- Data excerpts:
_ _ _ _ _
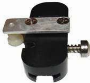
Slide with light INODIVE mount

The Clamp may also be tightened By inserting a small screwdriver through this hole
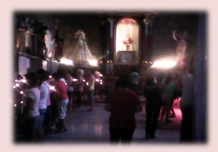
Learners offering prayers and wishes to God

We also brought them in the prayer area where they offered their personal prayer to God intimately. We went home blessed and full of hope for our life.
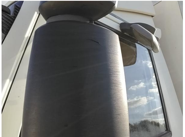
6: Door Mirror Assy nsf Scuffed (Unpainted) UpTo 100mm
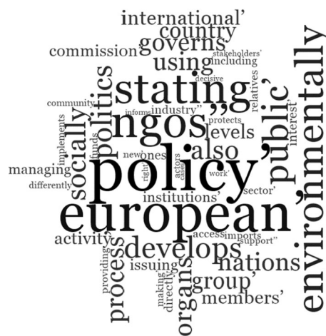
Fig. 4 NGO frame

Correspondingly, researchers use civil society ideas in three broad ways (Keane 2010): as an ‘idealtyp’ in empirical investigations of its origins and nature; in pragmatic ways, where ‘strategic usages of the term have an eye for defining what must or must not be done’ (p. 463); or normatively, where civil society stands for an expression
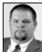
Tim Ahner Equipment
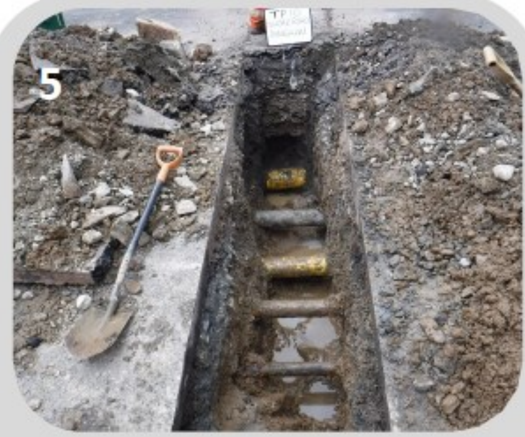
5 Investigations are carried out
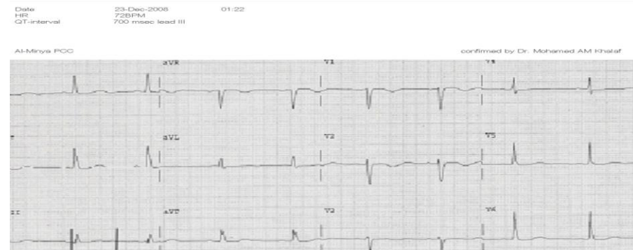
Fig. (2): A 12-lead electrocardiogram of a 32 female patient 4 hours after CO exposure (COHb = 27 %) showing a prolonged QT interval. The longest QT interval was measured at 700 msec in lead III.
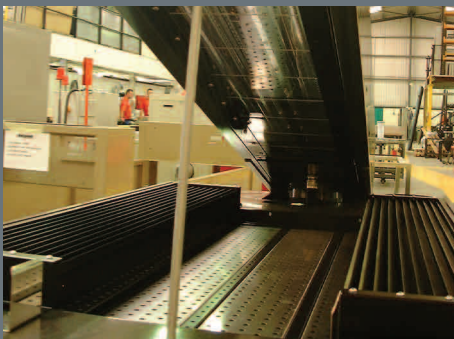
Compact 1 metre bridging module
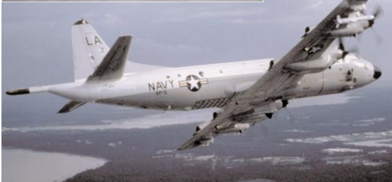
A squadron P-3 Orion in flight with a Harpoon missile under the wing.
_ _ _ _ _
- What is being asked:
Reproduce exactly the lines of the entries above from the first through the line with "5 Investigations are carried out", both included; pictures should not be reproduced.

- Solution to this exercise:
Slide with light INODIVE mount

The Clamp may also be tightened By inserting a small screwdriver through this hole
Learners offering prayers and wishes to God

We also brought them in the prayer area where they offered their personal prayer to God intimately. We went home blessed and full of hope for our life.
6: Door Mirror Assy nsf Scuffed (Unpainted) UpTo 100mm
Fig. 4 NGO frame

Correspondingly, researchers use civil society ideas in three broad ways (Keane 2010): as an ‘idealtyp’ in empirical investigations of its origins and nature; in pragmatic ways, where ‘strategic usages of the term have an eye for defining what must or must not be done’ (p. 463); or normatively, where civil society stands for an expression
Tim Ahner Equipment
5 Investigations are carried out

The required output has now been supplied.